Israeli restrictions on Hamas, formally committed to destroying the Jewish state and behind dozens of suicide bombings, mean officials and legislators are unlikely to be able to travel across Israel to the West Bank.

Gaza was growing in importance even before the election thanks to Israel’s withdrawal of troops and settlers last year.

The pullout for the first time gave the Palestinian Authority control of an entire territory with access to the outside world.

But both Hamas and Abbas will be trying to avoid any impression that the shift in influence is too decisive.

Hamas has made a point of choosing a West Banker as speaker of the new parliament, second only to Abbas in the constitutional hierarchy if not a position of great influence.

“Hamas is keen to make a balance of power between Gaza and the West Bank,” said spokesman Mushir al-Masri.

Palestinians stress that they see both Gaza and the West Bank as part of a single unit where they want statehood, with East Jerusalem as the capital, and say it would not be possible to have a state in one territory without the other.

“What we are looking at now seems to be much more of a divided entity and the whole concept of a Palestinian state is more difficult,” said Israeli analyst Gerald Steinberg.

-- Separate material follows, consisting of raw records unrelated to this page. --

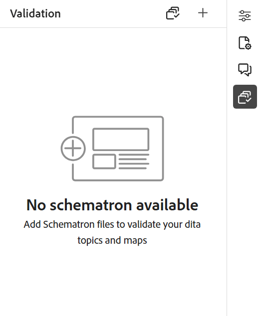 När du öppnar ett ämne i Redigeraren visas en schematrons valideringspanel till höger. Utför följande steg för att lägga till och validera ett ämne eller en karta med en Schematron-fil: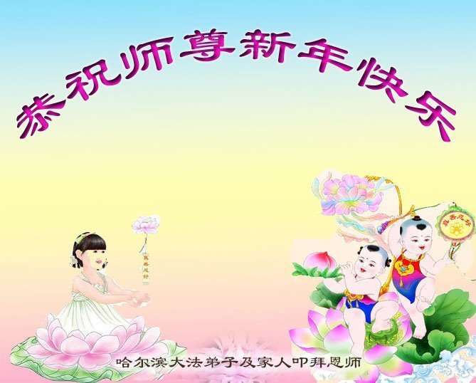 恭祝师尊新年快乐!师父辛苦了,弟子惟愿精進报师恩。 黑龙江省哈尔滨市大法弟子携家人敬上 黑龙江哈尔滨市大法弟子恭祝师尊新年好!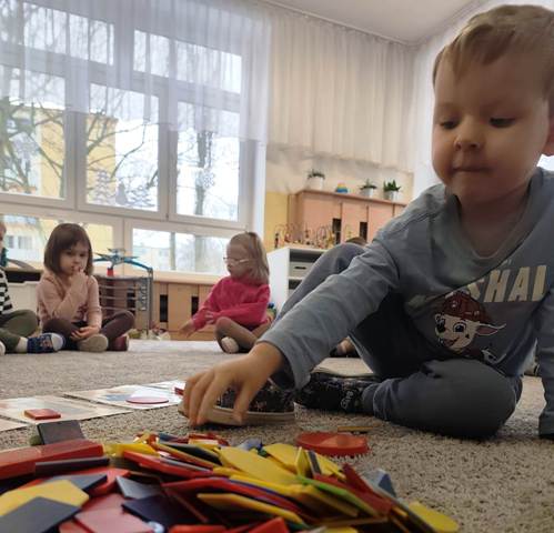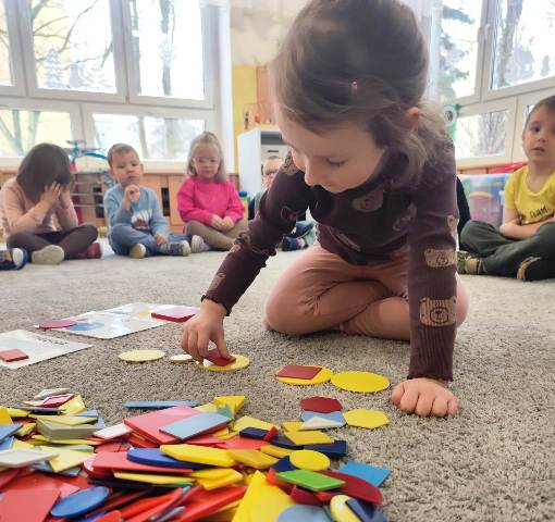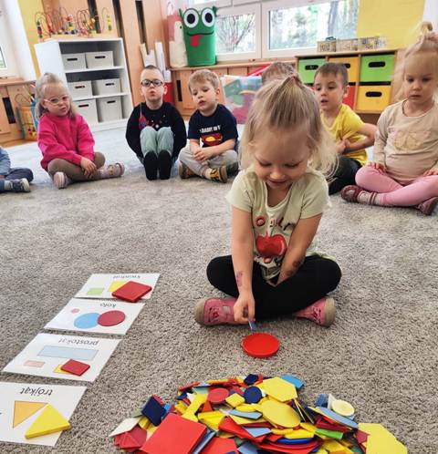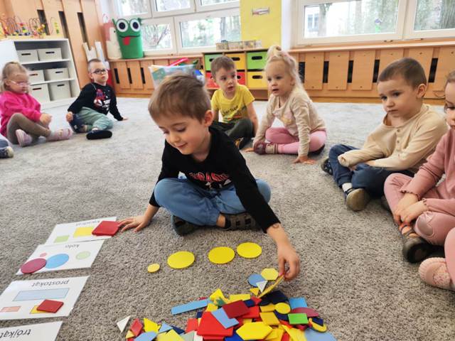 Dzisiaj bawiliśmy się figurami geometrycznymi. Szukaliśmy figur o określonych kolorach, kształtach, wielkości. Uczyliśmy się uważnego słuchania poleceń nauczyciela. Niby takie proste, a jednak wielu z nas popełniało błędy.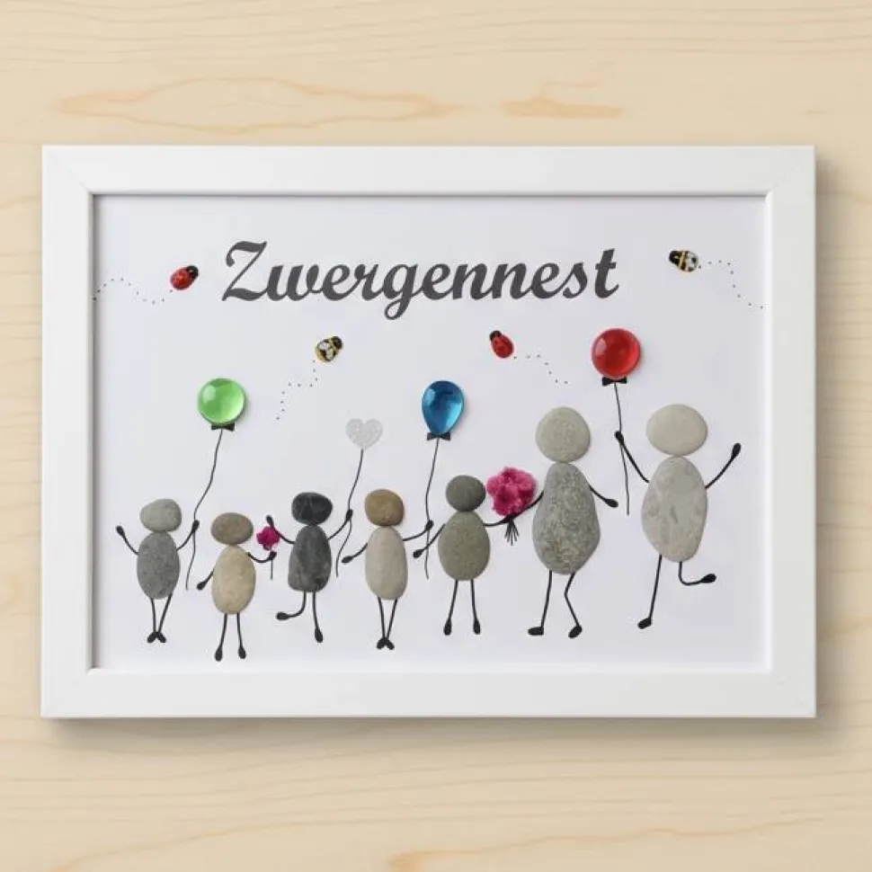 Dieses besondere Bild zeigt mehrere Figuren aus echten Natursteinen, die gemeinsam fröhlich beisammenstehen, ergänzt durch bunte Ballons, kleine Details und einen individuell anpassbaren Kita-Namen (z. B. Zwergennest).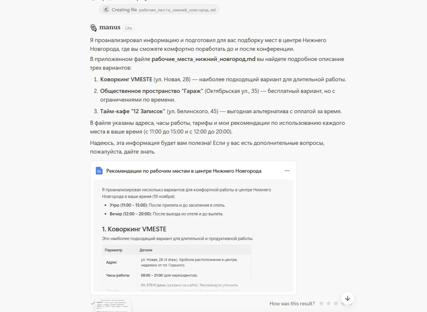 Мы проверили, как действует Manus AI. Для этого спросили сервис, где можно поработать в Нижнем Новгороде. Агент начал искать коворкинги в центральной части города: переходить на сайты, изучать условия и график работы. Когда закончил, предложил три варианта. Дополнительно к списку приложил файл с более подробным описанием и рекомендациями, куда лучше идти.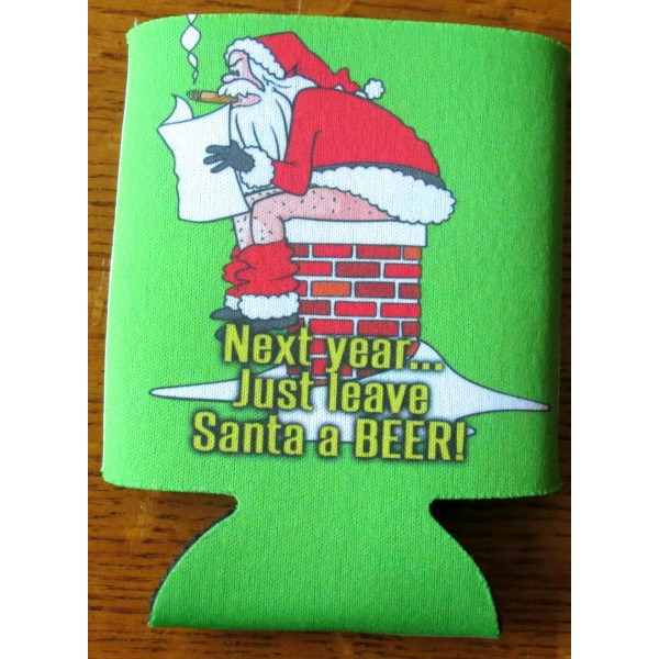 FUNNY/FESTIVE CAN/BOTTLE HOLDER KOOZIE/COOZIE! CHRISTMAS! LEAVE SANTA A BEER!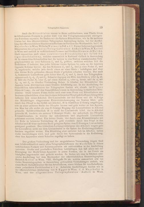 Der grofsen Verbreitung und der ausgedehnten Verwendung wegen fand man felbftverſtändlich unter allen Telegraphenfyftemen das Morfe'fche in feinen verfchiedenen Formen und Nebenapparaten am zahlreichften in der Ausstellung vertreten. Grofse und productive Fabriken befchäftigen fich faft allein mit der Erzeugung der Morfe'fchen Apparate in jenen Formen, die in der Praxis am häufigften angewendet und gefucht werden. So finden wir eine in Stücken zahlreiche Ausftellung bei dem Mechaniker der öfterreichifchen Staatstelegraphen Heinrich Keitel in Wien, VIII., Halbgaffe Nr 26, welche namentlich alle bei diefen Staatstelegraphen in Anwendung gebrachten Vorrichtungen enthält, wie einen Morfe Relieffchreiber für den Arbeitsftrom, einen folchen für den Ruheftrom, einen polarifirten Farbfchreiber u. f. w. Aehnliche Ausftellungen fanden wir in der öfterreichifchen Abtheilung von B. Egger in Wien, C. A. Mayrhofer in Wien, und der allgemeinen Telegraphenbau Anft alt in Wien.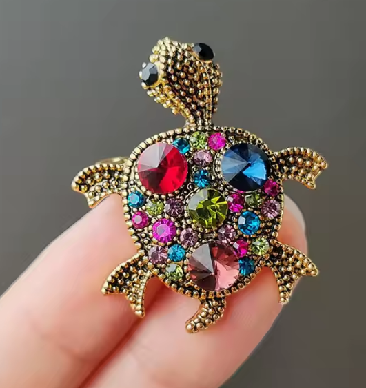 Turtle Alloy Crystal Rhinestone Brooch for Women Party Wedding Coat Accessories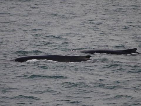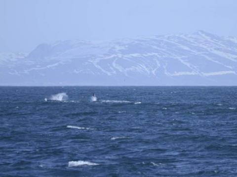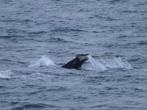 Report from Hafsúlan: Sailed out in beautiful weather but relatively high swells this morning. The first half of the tour was not so bad as we headed with the wind and everyone enjoyed the warm sun on their faces. We first saw a Minke Whale when came up a couple of times but travelling fast and very hard to track, a little later another  one was seen but again quite difficult to follow. It wasn´t until 1 1/2 about of sailing that a Minke Whale surfaced just 10-20 from us, those that were determined and whom stayed outside got a great look but other were down stairs getting a nice warm drink. It did come up again which was nice. On the way back to the harbour a large pod of White-beaked Dolphins were spotted leaping and surfacing fast. Always incredible to see. Great wildlife in wonderful weather.

The Palestinian concern is that Israel might be happy to see a temporary state that would include impoverished Gaza plus isolated fragments of the West Bank.

While Gaza will be the focus for internal policy, Ramallah will remain more important for Abbas as a centre for diplomacy. He has vowed to pursue peacemaking with Israel whether Hamas likes it or not.

Meanwhile, the Israeli presence in the West Bank could make it very difficult for Hamas to avoid interaction with its enemy over issues like security, roads and water supplies.

“It is less embarrassing for Hamas to have the power centre in Gaza because this way they don’t have to deal with the daily issues that require contacting Israelis,” said Bassem Zubeidi of Bir Zeit University in the West Bank.